---
name: elevenlabs-voiceover
description: Generate professional AI voiceovers using ElevenLabs TTS for video narration, explainers, and content creation. Supports multiple voices, character presets (narrator, salesperson, expert), scene-based generation with request stitching, single scene regeneration, timing validation, and thumbnail embedding.

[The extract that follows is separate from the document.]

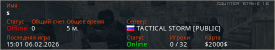 Играет на Counter Strike 1.6 сервере. Страна: РоссияПервый раз замечен 14:59 06.02.2026

Integrates with Remotion for precise audio-visual sync.
version: 1.0.0
category: build
platforms:
  - CLAUDE_CODE
  - CURSOR
permissions:
  - filesystem
  - shell
  - api
---

# ElevenLabs Voiceover Generation

Generate professional AI voiceovers for Remotion videos using ElevenLabs API.

## Prerequisites

- `ELEVENLABS_API_KEY` in `.env.local`
- Node.js installed
- ffmpeg/ffprobe installed (for timing validation and thumbnail embedding)

## Quick Start

```bash
# Generate voiceover from text
node generate.js --text "Your text here" --output public/audio/voiceover.mp3

# Generate with narrator style (more natural)
node generate.js --text "Your text" --character narrator --output voiceover.mp3

# Generate scenes with request stitching
node generate.js --scenes remotion/scenes.json --output-dir public/audio/project/

# Regenerate a single scene
node generate.js --scenes scenes.json --scene scene2 --new-text "Updated text"

# List available voices and character presets
node generate.js --list-voices
node generate.js --list-characters
```

## Character Presets

Use character presets for more natural voiceovers instead of literal screen text reading:

| Character | Description | Best For |
|-----------|-------------|----------|
| `literal` | Reads text exactly as written | Screen text, quotes |
| `narrator` | Professional storyteller, smooth, engaging | Explainers, documentaries |
| `salesperson` | Enthusiastic, persuasive, energetic | Marketing, ads |
| `expert` | Authoritative, confident, knowledgeable | Legal content, tutorials |
| `conversational` | Casual, friendly, natural | Social media, casual content |
| `dramatic` | Intense, emotional, impactful | Hooks, problem statements |
| `calm` | Soothing, reassuring, gentle | Trust-building, conclusions |

```bash
# Use narrator style globally
node generate.js --scenes scenes.json --character narrator --output-dir public/audio/

# Or set per-scene in scenes.json
{
  "scenes": [
    { "id": "scene1", "text": "Problem statement", "character": "dramatic" },
    { "id": "scene2", "text": "Solution", "character": "calm" }
  ]
}
```

## Scene-Based Generation with Request Stitching

Generate multiple scenes with consistent prosody using ElevenLabs request stitching:

### scenes.json Format

```json
{
  "name": "product-demo",
  "voice": "George",
  "character": "narrator",
  "scenes": [
    {
      "id": "scene1",
      "text": "Generic text-to-speech sounds robotic. Your brand deserves better.",
      "duration": 4.5,
      "character": "dramatic"
    },
    {
      "id": "scene2",
      "text": "With voice cloning, you can use your own voice for unlimited content.",
      "duration": 5.5
    },
    {
      "id": "scene3",
      "text": "Record a short sample. Clone it. Create professional voiceovers in minutes.",
      "duration": 6,
      "delay": 0.3
    }
  ]
}
```

### Generate All Scenes

```bash
node generate.js \
  --scenes remotion/product-demo-scenes.json \
  --output-dir public/audio/product-demo/
```

This creates:
- `product-demo-scene1.mp3` through `sceneN.mp3`
- `product-demo-combined.mp3` (all scenes stitched)
- `product-demo-info.json` (metadata with durations)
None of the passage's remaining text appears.